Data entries

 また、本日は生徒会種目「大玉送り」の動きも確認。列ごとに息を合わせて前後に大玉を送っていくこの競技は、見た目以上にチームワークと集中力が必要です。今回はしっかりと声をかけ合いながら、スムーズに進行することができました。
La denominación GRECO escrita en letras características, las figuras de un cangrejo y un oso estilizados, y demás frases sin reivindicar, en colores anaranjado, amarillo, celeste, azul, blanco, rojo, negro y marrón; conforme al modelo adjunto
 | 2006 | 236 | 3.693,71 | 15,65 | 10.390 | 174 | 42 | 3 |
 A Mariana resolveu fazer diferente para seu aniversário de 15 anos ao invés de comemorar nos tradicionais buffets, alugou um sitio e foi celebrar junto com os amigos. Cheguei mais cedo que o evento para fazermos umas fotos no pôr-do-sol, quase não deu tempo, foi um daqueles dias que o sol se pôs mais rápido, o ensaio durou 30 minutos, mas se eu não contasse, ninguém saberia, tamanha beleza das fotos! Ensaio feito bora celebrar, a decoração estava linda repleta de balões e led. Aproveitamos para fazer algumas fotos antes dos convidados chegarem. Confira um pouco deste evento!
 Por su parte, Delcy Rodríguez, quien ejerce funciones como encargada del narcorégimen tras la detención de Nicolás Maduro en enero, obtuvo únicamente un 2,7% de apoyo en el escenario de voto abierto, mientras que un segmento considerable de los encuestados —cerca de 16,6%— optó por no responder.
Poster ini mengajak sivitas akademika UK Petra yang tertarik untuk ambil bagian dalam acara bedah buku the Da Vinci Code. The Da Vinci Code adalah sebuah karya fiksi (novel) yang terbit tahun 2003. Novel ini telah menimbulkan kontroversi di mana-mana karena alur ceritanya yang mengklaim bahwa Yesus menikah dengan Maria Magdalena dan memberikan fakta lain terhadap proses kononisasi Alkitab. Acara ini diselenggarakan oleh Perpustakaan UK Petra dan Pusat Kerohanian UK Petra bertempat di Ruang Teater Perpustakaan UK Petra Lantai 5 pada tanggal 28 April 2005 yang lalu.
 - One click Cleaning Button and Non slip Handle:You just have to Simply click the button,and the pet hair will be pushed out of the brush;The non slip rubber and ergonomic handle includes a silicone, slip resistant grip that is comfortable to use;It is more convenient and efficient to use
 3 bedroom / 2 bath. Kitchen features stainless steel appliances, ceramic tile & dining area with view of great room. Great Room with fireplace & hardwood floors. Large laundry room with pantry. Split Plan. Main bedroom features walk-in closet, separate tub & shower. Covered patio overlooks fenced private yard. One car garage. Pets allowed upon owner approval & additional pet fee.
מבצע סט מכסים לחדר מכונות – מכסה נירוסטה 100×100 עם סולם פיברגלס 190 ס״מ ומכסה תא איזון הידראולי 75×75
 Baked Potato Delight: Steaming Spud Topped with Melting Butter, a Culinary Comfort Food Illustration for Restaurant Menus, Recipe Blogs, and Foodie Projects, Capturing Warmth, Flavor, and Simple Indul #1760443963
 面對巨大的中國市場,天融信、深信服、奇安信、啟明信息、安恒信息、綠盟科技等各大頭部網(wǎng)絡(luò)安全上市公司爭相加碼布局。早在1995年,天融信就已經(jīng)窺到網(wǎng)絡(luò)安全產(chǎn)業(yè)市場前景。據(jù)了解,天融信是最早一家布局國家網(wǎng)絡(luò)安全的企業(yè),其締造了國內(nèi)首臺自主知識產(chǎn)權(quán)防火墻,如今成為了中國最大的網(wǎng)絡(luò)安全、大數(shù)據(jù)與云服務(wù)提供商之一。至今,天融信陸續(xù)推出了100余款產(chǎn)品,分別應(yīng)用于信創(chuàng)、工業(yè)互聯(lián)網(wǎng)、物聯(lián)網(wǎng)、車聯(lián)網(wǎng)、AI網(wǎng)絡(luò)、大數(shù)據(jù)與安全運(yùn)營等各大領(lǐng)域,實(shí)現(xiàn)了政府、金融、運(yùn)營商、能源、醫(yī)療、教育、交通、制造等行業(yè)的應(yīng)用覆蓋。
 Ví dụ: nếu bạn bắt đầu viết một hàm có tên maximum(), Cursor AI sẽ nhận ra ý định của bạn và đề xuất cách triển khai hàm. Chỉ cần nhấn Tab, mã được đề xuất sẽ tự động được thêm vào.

The problem:
The answer is the line holding "מבצע סט מכסים" and all the lines after it through the end of the records, repeated exactly.

Solution below:
מבצע סט מכסים לחדר מכונות – מכסה נירוסטה 100×100 עם סולם פיברגלס 190 ס״מ ומכסה תא איזון הידראולי 75×75
 Baked Potato Delight: Steaming Spud Topped with Melting Butter, a Culinary Comfort Food Illustration for Restaurant Menus, Recipe Blogs, and Foodie Projects, Capturing Warmth, Flavor, and Simple Indul #1760443963
 面對巨大的中國市場,天融信、深信服、奇安信、啟明信息、安恒信息、綠盟科技等各大頭部網(wǎng)絡(luò)安全上市公司爭相加碼布局。早在1995年,天融信就已經(jīng)窺到網(wǎng)絡(luò)安全產(chǎn)業(yè)市場前景。據(jù)了解,天融信是最早一家布局國家網(wǎng)絡(luò)安全的企業(yè),其締造了國內(nèi)首臺自主知識產(chǎn)權(quán)防火墻,如今成為了中國最大的網(wǎng)絡(luò)安全、大數(shù)據(jù)與云服務(wù)提供商之一。至今,天融信陸續(xù)推出了100余款產(chǎn)品,分別應(yīng)用于信創(chuàng)、工業(yè)互聯(lián)網(wǎng)、物聯(lián)網(wǎng)、車聯(lián)網(wǎng)、AI網(wǎng)絡(luò)、大數(shù)據(jù)與安全運(yùn)營等各大領(lǐng)域,實(shí)現(xiàn)了政府、金融、運(yùn)營商、能源、醫(yī)療、教育、交通、制造等行業(yè)的應(yīng)用覆蓋。
 Ví dụ: nếu bạn bắt đầu viết một hàm có tên maximum(), Cursor AI sẽ nhận ra ý định của bạn và đề xuất cách triển khai hàm. Chỉ cần nhấn Tab, mã được đề xuất sẽ tự động được thêm vào.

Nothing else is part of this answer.